En avril 1950, Bourguiba proposa à la France une série de revendications du peuple à même de mettre fin à la présence effective de cette dernière en Tunisie, tout en préservant quelques-uns de ses intérêts. Propositions qui provoquèrent le courroux des colons français, mais annonceront, quelques semaines plus tard, une nouvelle politique française en Tunisie avec la perspective du lancement d’un processus qui devrait mener notre pays vers l’indépendance.

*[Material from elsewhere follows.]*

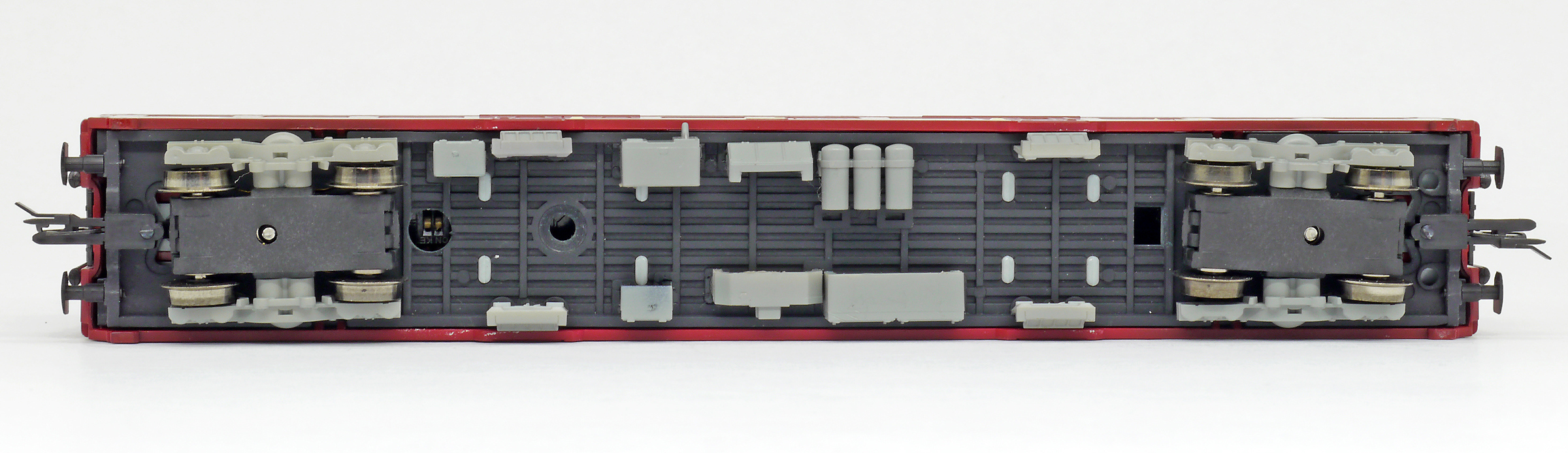 měřítko 1:120 - rozchod kolejí 12 mm osvětlení - 2 reflektory vpředu, 2 světla vzadu, přepínatelné podle směru jízdy vnitřní interiér vozu instalováno osvětlení interiéru kinematika krátkého spřáhla (KKK) podle normy NEM 358 digitální rozhraní podle NEM 651 s konektorem 6pin pojezd s kuličkovými ložisky 168 mm - celková délka modelu přes nárazníky 4 - celkový počet náprav nebo rozložení náprav 125 g - hmotnost brutto - model včetně prodejního obalu 50 g - hmotnost netto - pouze model

Contrairement aux usages, qui voulaient que le discours du bey soit transmis à l’avance à la résidence générale, Lamine Bey déclara, 15 mai 1951, que le peuple tunisien « a acquis le droit de respirer l’air de la liberté, d’étancher sa soif aux sources de la justice, de jouir de tous ses droits individuels et collectifs, de vivre dans la paix et la dignité dans le cadre de la souveraineté nationale intégrale ».

Le 16 octobre 1951, le gouvernement français annonça timidement son intention d’envisager une forme d’autonomie interne pour la Tunisie, mais fit volte-face fin décembre 1951. Entre-temps, les Tunisiens maintenaient la pression contre l’occupant au prix d’une répression ayant fait plusieurs martyrs.

Les autorités françaises nommèrent  alors Jean de Hauteclocque, nouveau résident général de France en Tunisie. Celui-ci inaugurera, dès son arrivée à Tunis, le 13 janvier 1952, une politique de la terreur. Le peuple répondra à cette attitude belliqueuse et les mesures coercitives qui la concrétisèrent par des manifestations houleuses et déclenchera la résistance armée.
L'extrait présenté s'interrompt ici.